Printed electronics or more specifically inkjet printing is already an established part of OLED display manufacturing, where industrial-scale inkjet printers are used to deposit the organic material in the multilayer thin film encapsulation (TFE) layer that protects OLEDs from oxygen and water ingress.
Inkjet printing the RGB active materials in OLED displays, however, seems not to have succeeded in overcoming the technical hurdles despite significant investment and decades of development on both material and machinery sides. It appears that the material performance never bridged the gap with vacuum-processed ones, which kept on improving, whilst the potential manufacturing cost benefits proved insufficient to force a shift away from the incumbent processes.
This is not the end of inkjet printing in manufacturing the active elements of the display though, thanks mainly to quantum dots (QDs) including QD-OLED and QLED displays. The idea behind QD-OLED displays is that a blue OLED layer is vacuum deposited, whilst the red and green colors are achieved by pixel-level inkjet-printed QD color conversion, giving the emissive display perfect contrast, high efficiency, as well as a very wide color gamut, beyond what all-OLED displays could achieve. Mastering the inkjet printing of QD-OLED displays could also offer a technical and manufacturing roadmap towards true emissive QLED displays.
QD-OLED displays are already in production with 77-inch 4k QD-OLED being on the market for several years. The manufacturing volume is projected to grow rapidly. Furthermore, the technical performance will also improve. The latest announcement is that the resolution of inkjet-printed 31.5-inch QD-OLED displays will be 140 PPI.
This is a challenging technical feat. It could involve inkjet printing quantum dots on 8.5-Gen (2.2x2.5 sqm) mother glass. To get a rough idea of the requirements for illustration purposes only, assume that five displays can be manufactured on the mother glass. At 4K and 8K resolution, this translates to around 125M and 500M inkjet printed sub-pixels, respectively. Assuming 3-5 drops have to be inkjet printed in each pixel well, it means that for an 8K display around 1500 and 2500 million drops would have to be inkjet printed under stringent uniformity, size, and TAKT time requirements.
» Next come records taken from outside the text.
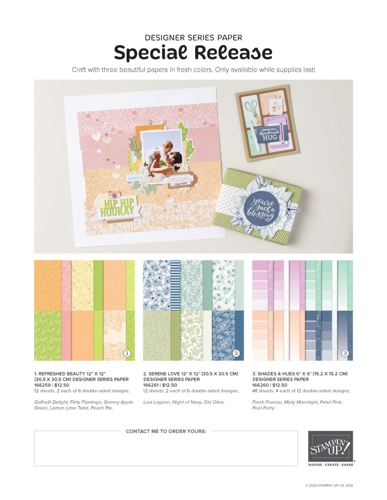 – Features exclusive designs by in-house Stampin’ Up! artists.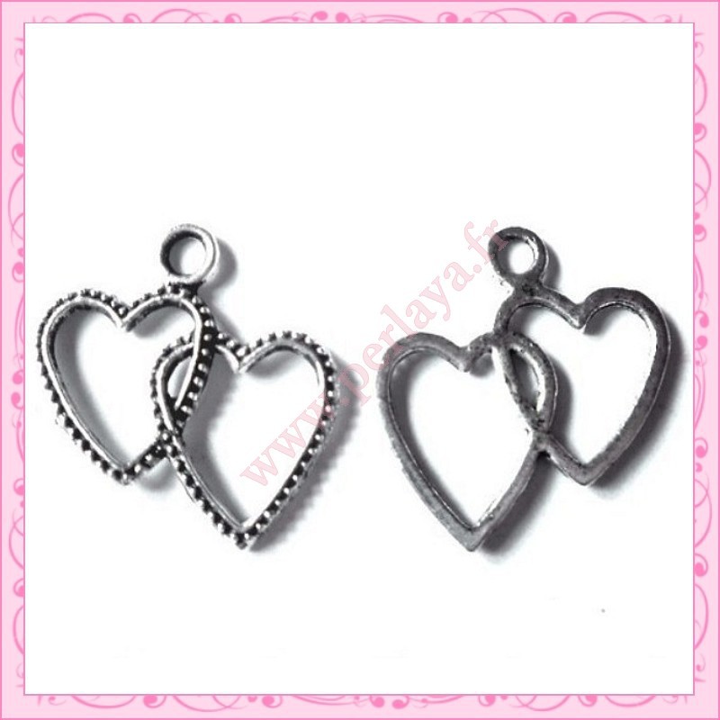 Lot composé de 15 breloques argentées en forme de coeurs entrelacées 23mm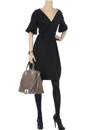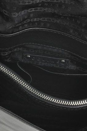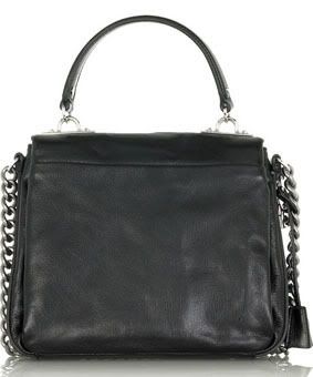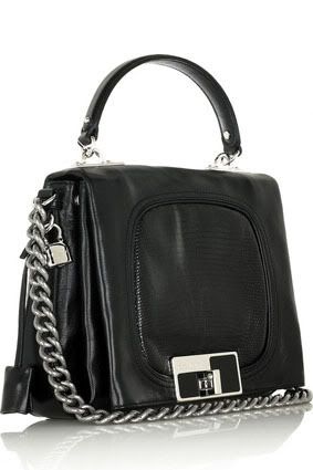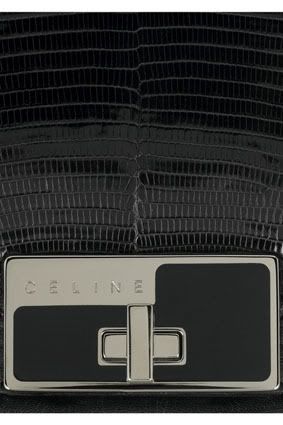 Black leather shoulder bag with silver hardware. Celine bag has a faux lizard panel on front, a chain link shoulder strap, a turn-lock fastening on front, a handle on top and satin lining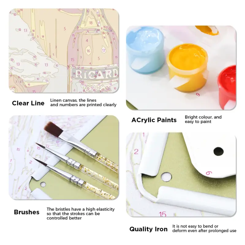 You will get all the tools and accessories required to complete your metal poster paint by numbers project in the kit.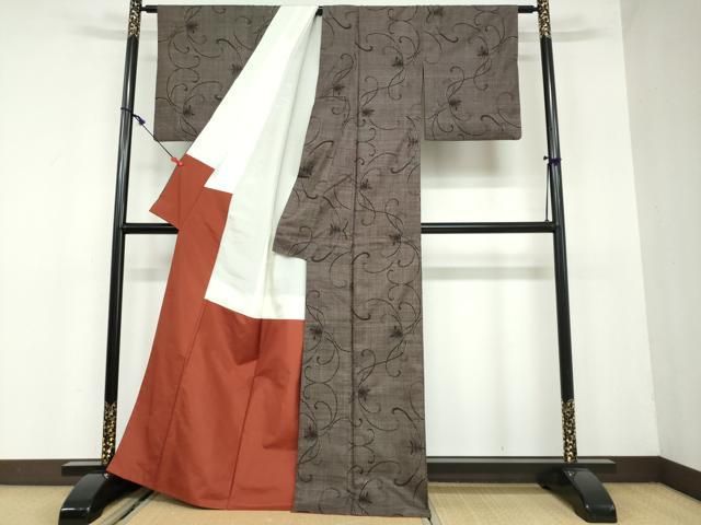 平和屋着物 本場大島紬 古代染色純泥染 7マルキ 重田実英 洋花文 証紙付き 正絹 ud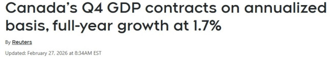 此外,统计局初步估计,加拿大经济在2026年1月可能陷入停滞状态,但该数据仍可能进行修正。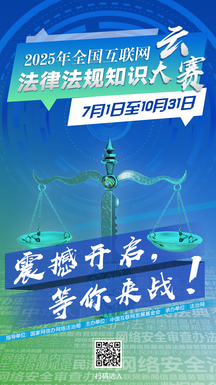 精准普法全面覆盖,共筑清朗网络家园。由国家网信办网络法治局指导、中国互联网发展基金会主办、法治网承办的“2025年全国互联网法律法规知识云大赛”(以下简称“云大赛”)于7月1日正式拉开帷幕。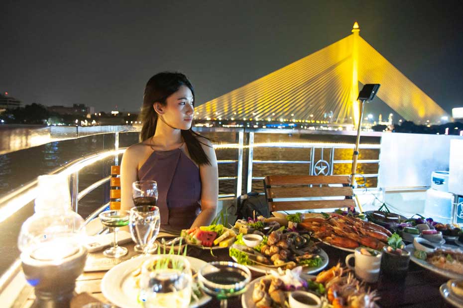 19:45 出發,一覽夜晚湄南河,河的兩岸聚集了很多泰國古老歷史文化(如:大皇宮,黎明寺,拉瑪八大橋等等),讓您一飽眼福,並且感受到濃濃的泰國風情;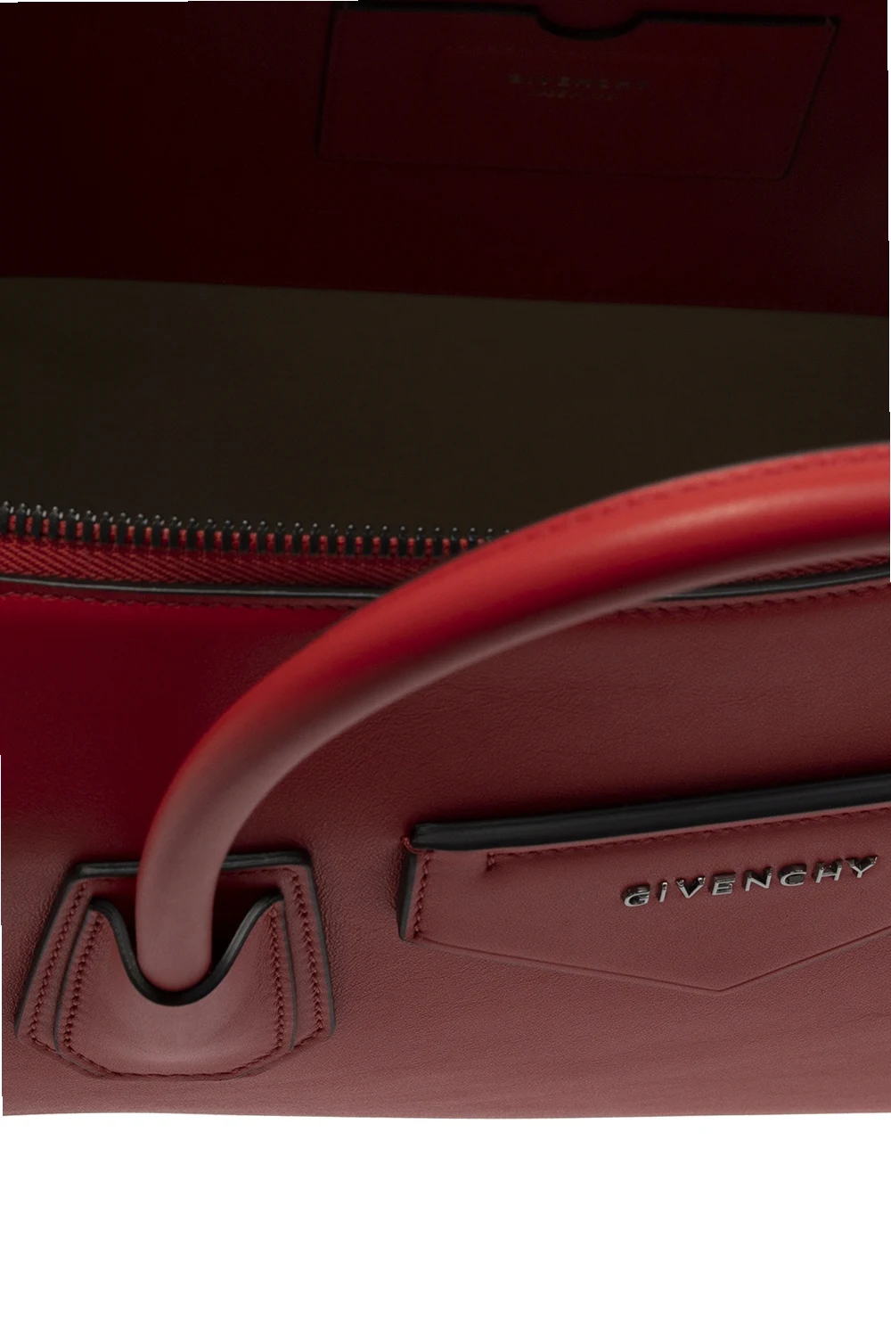Red ‘Antigona’ holdall from Givenchy. Size medium. Spruced up with silver-tone logo metalware, this calf leather-crafted design fastens via a zip and features two half-round handles, an adjustable shoulder strap and interior with one compartment, one slip pocket and one card slot.

Source: Kateeva [8.5-Gen Inkjet Printer for Display Manufacturing]
Mini- and MicroLEDs - from micro bumps to microLED transfer to color conversion
mini- and micro-LED technologies could also benefit from printing. Here, the micro bumps for the placement of a large number of microLEDs on the glass substrate could be printed. Indeed, excellent prototypes were already demonstrated with gravure offset printed solder pastes with 5um precision and 6um diameter (15um after reflow).
Source: Komoro [presented at TechBlick in 2022]
The metallization tracks connecting the front and back of the mini- or micro-LED display via the edge of the glass hosting the microLED chips could be screen or aerosol printed to avoid drilling and metallizing through-glass vias, although it will probably prove too difficult to beat the incumbent subtractive process given the resolution speed, and yield requirements.
The microLED chips themselves could also be transfer printed. Here, an elastomeric stamp could pick up these chips, stamping and thus transferring them at high speed and yield onto the final target substrate. There are currently many firms developing a variety of transfer printing techniques for this purpose, although the competition from other approaches including laser-based ones is very stiff.
Finally - and possibly most promising - is to achieve color conversion via printed quantum dots. A major challenge holding microLEDs back is the need to transfer millions of microLEDs with practically zero defects. To transfer all three colors would be extra complicated. Thus, one could transfer only the blue microLEDs and achieve red and green colors with QD color conversion.
A technical challenge is that microLEDs are too small for inkjet printing (ca. 40 um print resolution), and their size is bound to shrink further to improve display resolutions and economies of scale. To address this need, EHD (Electrohydrodynamic Printing) is being used, demonstrating lab printing resolutions of 1-10 um with likely mid-term reliable print resolutions around 15 um, translating to some 1000 dpi. The EHD printing still needs to be further developed and scaled, especially to a multi-head high-resolution technique without loss of print resolution, stability, or speed. Of course, EHD is not the only way to achieve QD color conversion, but it is still very much in the running for manufacturing selection with strong chances vs. the photoresist-etch option.